WHERE TO STAY: In Fort Davis, the historic Hotel Limpia (on the town square, 800-662-5517, www.hotellimpia.com) is a charming throwback to the frontier days of the Old West, with broad porches, a Victorian lobby, wide corridors and high-ceilinged rooms and suites. And it's a bargain: Double rooms start at $89 per night, less if booking online. On our last trip, my family stayed in the hotel's cottage, a delightful 1940s two-bedroom bungalow with original furnishings nestled in the shadow of Sleeping Lion Mountain, for $139 a night. The Limpia's sister hotel in Marfa, the Hotel Paisano (207 N. Highland St., 866-729-3669, www.hotelpaisano.com), is equally beguiling, in more of a Southwestern, Spanish-hacienda style. You can ask for the James Dean room or the Rock Hudson or Elizabeth Taylor suites. Rooms start at $79 per night.

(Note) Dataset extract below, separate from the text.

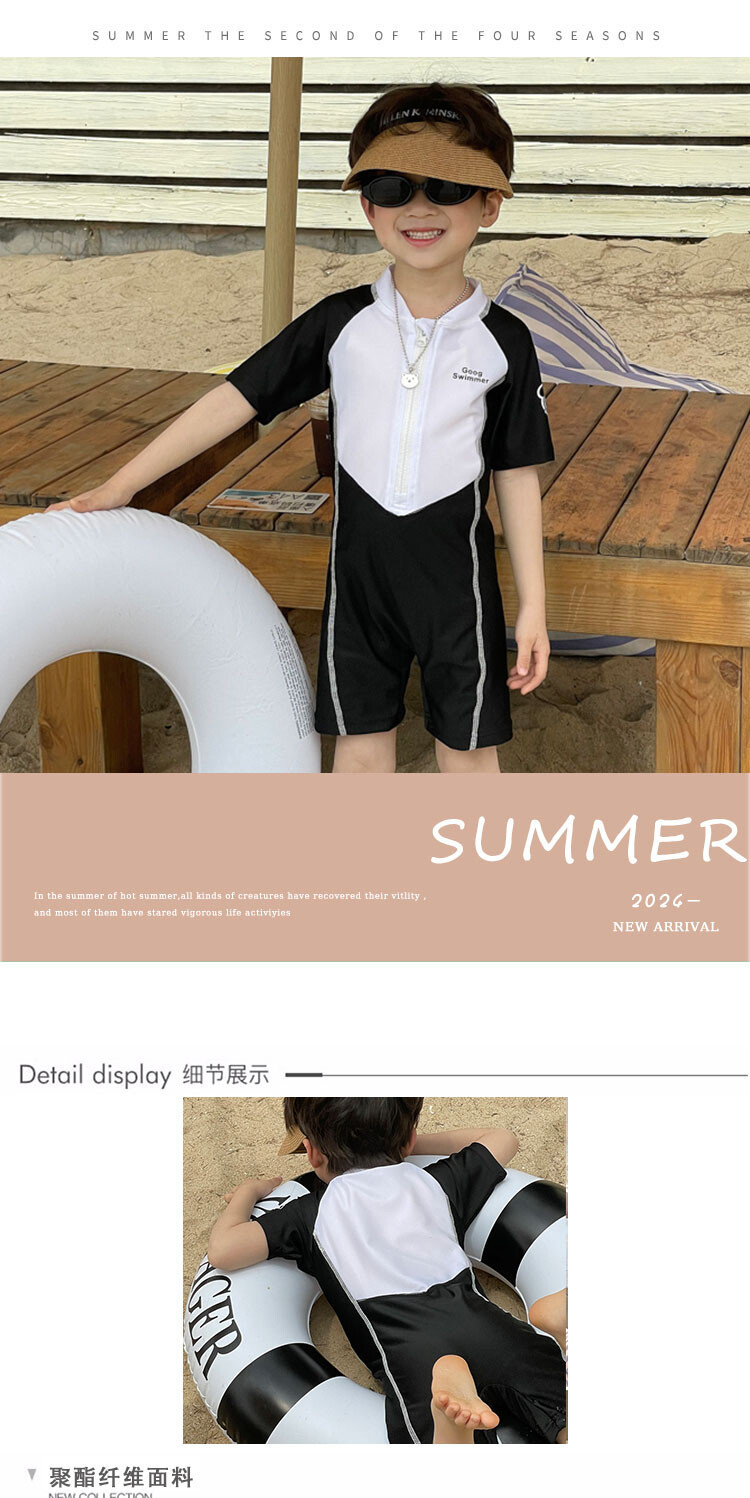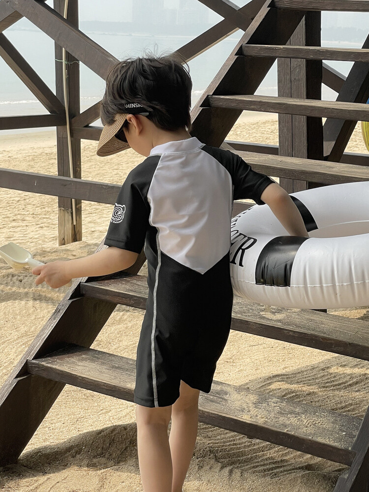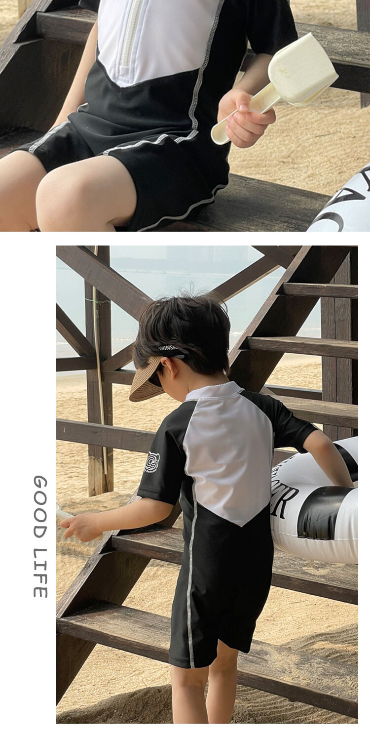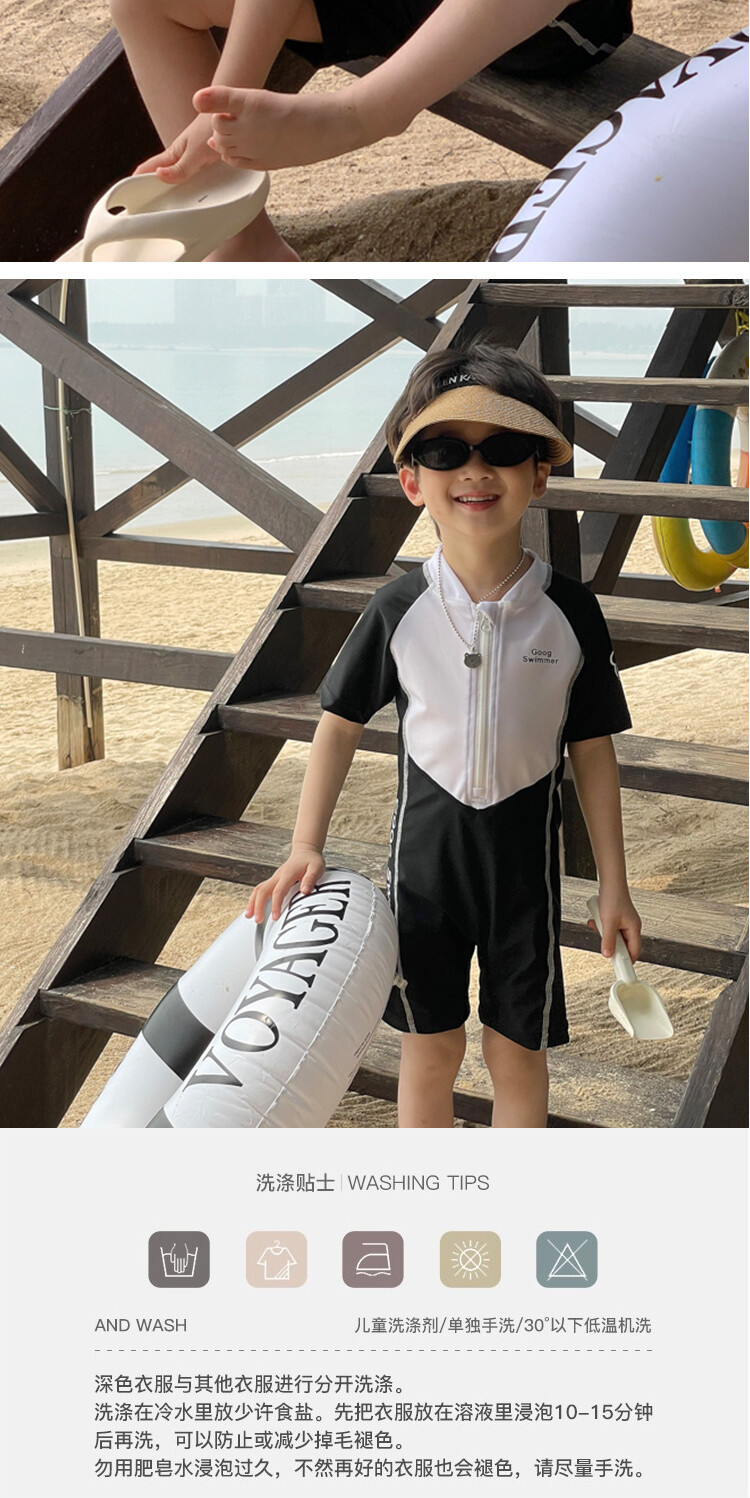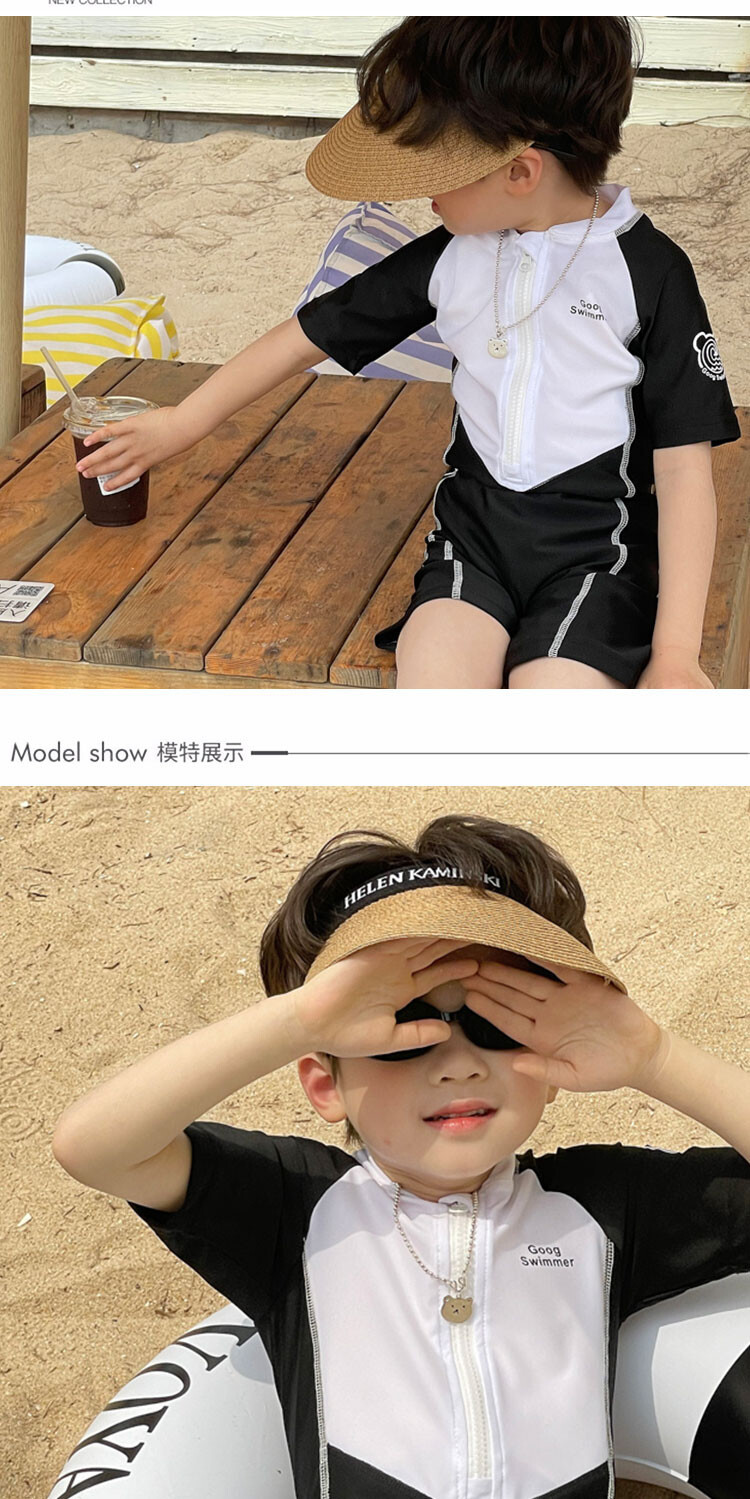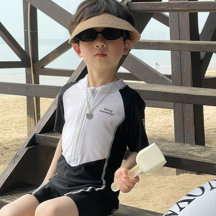 2024 새로운 어린이 원피스 수영복 어린이 간단한 흑백 매칭 수영복 남녀 보물 해변 휴가 수영복

Alpine offers the historic Holland Hotel (209 W. Holland Ave., 800-535-8040, www.hollandhotel.net), in the middle of downtown, with 14 rooms and suites starting at $45 per night double.
WHERE TO EAT: With its old-fashioned soda fountain, the Fort Davis Drugstore on Main Street is great for breakfast and lunch; I love the BLTs. If it's Mexican food you crave, head for La Casita (1102 E. Avenue H) in Alpine. The ambiance isn't much, but locals say the food is the best north of the border, and I'm with them. Lunch for four is less than $30.
For dinner, Pop's Grill (Highway 17 just west of Fort Davis) offers good down-home food at reasonable prices, although there's no wine, as Jeff Davis County is dry. Dinner for four is about $60. For a somewhat fancier but still moderately priced meal, try Jett's Grill at the Hotel Paisano in Marfa, where dinner with wine runs about $120. For a splurge, the Reata Restaurant (203 N. Fifth St.) in Alpine serves great steaks; dinner for four with wine was just under $200. Maiya's (103 N. Highland Ave.), down the street from the Paisano in Marfa, will deceive you into thinking you've stumbled into someplace on the Upper West Side, with its avant-garde menu, chichi decor and New York (or at least D.C.) prices; dinner with wine came to nearly $350, including the tip. Good, though.
WHAT TO DO: The largely restored Fort Davis National Historic Site (432-426-3224, Ext. 20, www.nps.gov/foda) is considered one of the best remaining examples of a frontier military post. The McDonald Observatory (17 miles from Fort Davis on Highway 118), a major astronomical research facility, hosts constellation-viewing "star parties" three nights a week, as long as the weather is cloudless. Details: 432-426-3640, www.as.utexas.edu/mcdonald/mcdonald.html.
In Marfa, the Chinati Foundation (1 Calvery Row, 432-729-4362, www.chinati.org; $10) is a contemporary art museum that sculptor Donald Judd founded in the late 1970s. Dedicated to permanent installations of large-scale works, it features art by Judd, Claes Oldenburg, John Chamberlain and others. The Scenic Loop, a 75-mile drive through the Davis Mountains, is full of surprises, from Sawtooth Mountain to the cattle that just might be taking a snooze in the middle of the road.
INFORMATION: Fort Davis Chamber of Commerce, 800-524-3015, www.fortdavis.com; Marfa Chamber of Commerce, 800-650-9696, www.marfacc.com; Alpine Chamber of Commerce, 800-561-3735, www.alpinetexas.com.